Posted on 04/24/2002 11:49:11 PM PDT by

April 24, 2002

By Liza Porteus , National Journal's Technology Daily

White House Homeland Security Director Tom Ridge on Tuesday said the high-tech sector is making instrumental contributions to the Bush administration as it cultivates a national homeland security strategy.

Homeland security efforts will depend on technologies such as biometrics, next-generation detection devices designed to find traces of chemical or biological agents, dashboard electronics to ensure efficient border crossing for trucks and other vehicles, simulation software, and advanced encryption-standard codes, Ridge said during a dinner speech at the Electronic Industries Alliance's annual conference.

Such advances are "more proof that the market doesn't need the government's permission to meet the needs of America," Ridge said. "This entrepreneurial spirit is a potent weapon against terrorism. ... Our homeland security effort must tap into this energy."

The administration is increasing partnerships with the private sector in its anti-terrorism efforts, Ridge said. President Bush's Critical Infrastructure Protection Board is creating "model government-industry partnerships" to harness the intellect of all sectors, he said.

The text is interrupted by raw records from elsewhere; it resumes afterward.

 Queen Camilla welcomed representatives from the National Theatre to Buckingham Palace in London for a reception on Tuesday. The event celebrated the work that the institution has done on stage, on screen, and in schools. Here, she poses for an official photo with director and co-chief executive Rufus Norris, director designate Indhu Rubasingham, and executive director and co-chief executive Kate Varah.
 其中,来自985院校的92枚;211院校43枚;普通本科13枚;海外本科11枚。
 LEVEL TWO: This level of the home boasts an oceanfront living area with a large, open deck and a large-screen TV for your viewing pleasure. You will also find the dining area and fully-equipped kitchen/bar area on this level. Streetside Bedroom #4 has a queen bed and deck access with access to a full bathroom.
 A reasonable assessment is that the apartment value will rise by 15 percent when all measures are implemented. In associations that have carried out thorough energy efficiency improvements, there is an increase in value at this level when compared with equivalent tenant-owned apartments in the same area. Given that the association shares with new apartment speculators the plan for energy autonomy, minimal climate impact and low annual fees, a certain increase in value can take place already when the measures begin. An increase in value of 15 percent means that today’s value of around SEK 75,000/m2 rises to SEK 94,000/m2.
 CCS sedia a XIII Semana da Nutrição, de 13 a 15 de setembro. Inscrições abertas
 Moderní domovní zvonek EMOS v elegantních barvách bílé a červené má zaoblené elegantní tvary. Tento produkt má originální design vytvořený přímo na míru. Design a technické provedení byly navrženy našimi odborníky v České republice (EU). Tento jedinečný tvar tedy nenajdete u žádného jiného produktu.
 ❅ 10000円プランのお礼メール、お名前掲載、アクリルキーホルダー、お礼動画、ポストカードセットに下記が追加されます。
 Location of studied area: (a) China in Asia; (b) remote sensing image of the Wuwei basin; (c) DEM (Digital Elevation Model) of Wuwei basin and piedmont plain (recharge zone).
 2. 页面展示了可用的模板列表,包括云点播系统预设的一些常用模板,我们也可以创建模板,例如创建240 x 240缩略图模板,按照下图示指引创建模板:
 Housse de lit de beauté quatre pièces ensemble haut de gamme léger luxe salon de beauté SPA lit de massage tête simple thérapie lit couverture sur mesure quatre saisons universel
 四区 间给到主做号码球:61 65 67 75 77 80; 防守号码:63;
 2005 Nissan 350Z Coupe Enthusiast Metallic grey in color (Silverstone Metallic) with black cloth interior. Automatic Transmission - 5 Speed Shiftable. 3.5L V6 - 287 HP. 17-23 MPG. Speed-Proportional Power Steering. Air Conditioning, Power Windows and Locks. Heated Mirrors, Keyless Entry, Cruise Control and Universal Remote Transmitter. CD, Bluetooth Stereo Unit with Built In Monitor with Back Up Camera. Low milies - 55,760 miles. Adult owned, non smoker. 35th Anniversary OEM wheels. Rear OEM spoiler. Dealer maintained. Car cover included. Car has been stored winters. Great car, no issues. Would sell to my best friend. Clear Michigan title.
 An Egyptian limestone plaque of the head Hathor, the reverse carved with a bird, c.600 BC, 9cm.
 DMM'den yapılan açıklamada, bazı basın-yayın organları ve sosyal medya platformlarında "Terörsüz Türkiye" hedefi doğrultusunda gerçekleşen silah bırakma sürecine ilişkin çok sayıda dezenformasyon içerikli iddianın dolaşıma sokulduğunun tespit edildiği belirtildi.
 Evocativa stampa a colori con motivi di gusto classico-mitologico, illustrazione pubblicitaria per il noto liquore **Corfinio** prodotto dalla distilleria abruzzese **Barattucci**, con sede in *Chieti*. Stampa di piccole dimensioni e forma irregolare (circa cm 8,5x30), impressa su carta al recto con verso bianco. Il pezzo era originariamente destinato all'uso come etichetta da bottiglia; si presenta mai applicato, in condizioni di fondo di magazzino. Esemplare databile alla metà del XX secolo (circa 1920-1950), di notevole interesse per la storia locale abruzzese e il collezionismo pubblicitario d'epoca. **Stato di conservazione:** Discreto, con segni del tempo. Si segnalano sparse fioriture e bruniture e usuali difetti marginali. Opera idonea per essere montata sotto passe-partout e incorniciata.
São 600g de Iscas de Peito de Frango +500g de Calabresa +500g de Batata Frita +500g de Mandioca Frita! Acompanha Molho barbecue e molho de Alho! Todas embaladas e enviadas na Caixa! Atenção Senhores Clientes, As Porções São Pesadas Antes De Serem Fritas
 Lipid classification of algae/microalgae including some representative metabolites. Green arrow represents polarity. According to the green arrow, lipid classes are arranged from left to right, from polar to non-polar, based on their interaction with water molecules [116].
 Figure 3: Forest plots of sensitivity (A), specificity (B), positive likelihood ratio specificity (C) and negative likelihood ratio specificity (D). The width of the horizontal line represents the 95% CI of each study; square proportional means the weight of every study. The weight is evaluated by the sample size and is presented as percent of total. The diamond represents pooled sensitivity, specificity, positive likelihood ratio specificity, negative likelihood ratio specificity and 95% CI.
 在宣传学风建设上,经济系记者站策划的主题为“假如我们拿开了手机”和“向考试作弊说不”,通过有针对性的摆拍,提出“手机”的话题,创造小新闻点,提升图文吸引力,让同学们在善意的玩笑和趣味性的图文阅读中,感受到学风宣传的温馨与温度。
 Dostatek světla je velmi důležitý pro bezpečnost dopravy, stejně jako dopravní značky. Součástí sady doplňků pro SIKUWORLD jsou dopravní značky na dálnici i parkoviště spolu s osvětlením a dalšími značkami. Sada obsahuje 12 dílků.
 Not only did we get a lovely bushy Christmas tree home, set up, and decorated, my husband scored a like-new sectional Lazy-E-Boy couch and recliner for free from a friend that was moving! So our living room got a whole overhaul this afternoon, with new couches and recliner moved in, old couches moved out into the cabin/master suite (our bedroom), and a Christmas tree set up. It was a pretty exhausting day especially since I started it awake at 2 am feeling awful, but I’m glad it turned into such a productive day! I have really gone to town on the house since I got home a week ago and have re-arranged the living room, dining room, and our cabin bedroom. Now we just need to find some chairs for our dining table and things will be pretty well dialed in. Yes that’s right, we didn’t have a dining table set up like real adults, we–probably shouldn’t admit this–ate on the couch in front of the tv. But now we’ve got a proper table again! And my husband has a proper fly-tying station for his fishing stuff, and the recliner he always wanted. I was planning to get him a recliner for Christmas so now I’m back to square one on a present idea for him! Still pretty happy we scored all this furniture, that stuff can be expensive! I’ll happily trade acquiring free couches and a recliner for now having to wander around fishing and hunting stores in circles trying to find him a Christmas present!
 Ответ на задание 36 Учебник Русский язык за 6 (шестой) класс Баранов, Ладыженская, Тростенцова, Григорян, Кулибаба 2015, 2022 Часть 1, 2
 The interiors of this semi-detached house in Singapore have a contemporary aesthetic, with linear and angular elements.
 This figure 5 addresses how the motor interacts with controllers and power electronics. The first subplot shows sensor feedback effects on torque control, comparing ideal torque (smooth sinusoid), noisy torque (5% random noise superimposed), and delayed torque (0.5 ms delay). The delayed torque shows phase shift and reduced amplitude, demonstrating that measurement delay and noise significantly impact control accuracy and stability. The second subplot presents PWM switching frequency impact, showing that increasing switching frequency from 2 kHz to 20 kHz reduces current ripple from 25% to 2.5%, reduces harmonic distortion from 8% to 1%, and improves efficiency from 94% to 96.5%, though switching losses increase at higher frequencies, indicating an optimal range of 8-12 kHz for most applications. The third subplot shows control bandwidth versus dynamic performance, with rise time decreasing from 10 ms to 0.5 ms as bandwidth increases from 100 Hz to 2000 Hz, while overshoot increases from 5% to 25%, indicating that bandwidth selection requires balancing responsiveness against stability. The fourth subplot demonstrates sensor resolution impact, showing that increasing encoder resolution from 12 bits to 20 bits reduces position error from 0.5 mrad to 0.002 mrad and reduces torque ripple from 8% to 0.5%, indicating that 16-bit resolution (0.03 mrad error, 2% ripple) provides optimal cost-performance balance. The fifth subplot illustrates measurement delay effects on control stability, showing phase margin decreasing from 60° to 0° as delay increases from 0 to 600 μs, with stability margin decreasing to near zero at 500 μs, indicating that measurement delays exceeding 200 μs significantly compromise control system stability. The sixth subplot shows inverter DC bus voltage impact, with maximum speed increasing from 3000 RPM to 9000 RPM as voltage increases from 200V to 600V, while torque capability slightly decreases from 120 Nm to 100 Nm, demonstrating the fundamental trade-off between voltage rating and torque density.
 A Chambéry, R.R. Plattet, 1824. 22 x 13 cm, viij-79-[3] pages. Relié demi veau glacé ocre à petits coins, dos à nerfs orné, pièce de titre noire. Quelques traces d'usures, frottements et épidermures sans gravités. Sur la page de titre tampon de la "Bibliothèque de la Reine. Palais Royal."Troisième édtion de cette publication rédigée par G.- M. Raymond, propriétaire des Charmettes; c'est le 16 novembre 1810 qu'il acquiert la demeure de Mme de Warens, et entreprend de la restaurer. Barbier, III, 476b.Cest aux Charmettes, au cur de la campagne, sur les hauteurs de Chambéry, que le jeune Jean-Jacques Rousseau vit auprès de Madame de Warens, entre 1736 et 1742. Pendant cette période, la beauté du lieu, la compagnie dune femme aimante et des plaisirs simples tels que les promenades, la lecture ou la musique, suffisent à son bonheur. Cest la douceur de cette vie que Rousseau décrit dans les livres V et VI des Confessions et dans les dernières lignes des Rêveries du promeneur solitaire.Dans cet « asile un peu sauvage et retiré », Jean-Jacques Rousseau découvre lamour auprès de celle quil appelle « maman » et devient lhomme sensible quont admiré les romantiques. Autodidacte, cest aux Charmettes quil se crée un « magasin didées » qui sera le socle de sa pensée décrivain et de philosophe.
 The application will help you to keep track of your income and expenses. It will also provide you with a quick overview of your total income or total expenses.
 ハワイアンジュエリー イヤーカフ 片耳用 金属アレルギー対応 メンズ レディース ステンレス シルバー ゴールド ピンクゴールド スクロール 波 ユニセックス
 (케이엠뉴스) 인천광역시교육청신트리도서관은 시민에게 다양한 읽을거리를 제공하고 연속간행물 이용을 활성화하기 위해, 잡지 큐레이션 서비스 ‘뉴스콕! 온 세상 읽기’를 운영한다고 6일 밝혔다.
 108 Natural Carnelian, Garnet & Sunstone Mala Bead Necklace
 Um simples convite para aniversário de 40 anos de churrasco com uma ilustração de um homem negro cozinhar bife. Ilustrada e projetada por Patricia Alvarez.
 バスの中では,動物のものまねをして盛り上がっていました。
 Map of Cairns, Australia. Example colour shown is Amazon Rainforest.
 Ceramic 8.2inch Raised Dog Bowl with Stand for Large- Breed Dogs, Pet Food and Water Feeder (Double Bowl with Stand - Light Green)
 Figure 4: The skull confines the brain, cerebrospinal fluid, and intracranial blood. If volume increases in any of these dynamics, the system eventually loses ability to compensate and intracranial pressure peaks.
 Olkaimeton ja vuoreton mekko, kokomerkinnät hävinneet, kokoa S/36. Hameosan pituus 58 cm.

The administration also is working with the National Cybersecurity Alliance to empower businesses and private citizens to fortify themselves against cyber attacks. The alliance is an online education campaign launched in February and includes high-tech associations and companies such as AOL Time Warner, Apple Computer, AT&T, Microsoft, Symantec and WorldCom. Government agencies participating in the alliance include the Critical Infrastructure Assurance Office, the National Infrastructure Protection Center, the Defense Department and the General Services Administration.

Ridge also said federal laws such as the anti-terrorism bill enacted last fall are helping to integrate technology into the legal process to bring it into the 21st century.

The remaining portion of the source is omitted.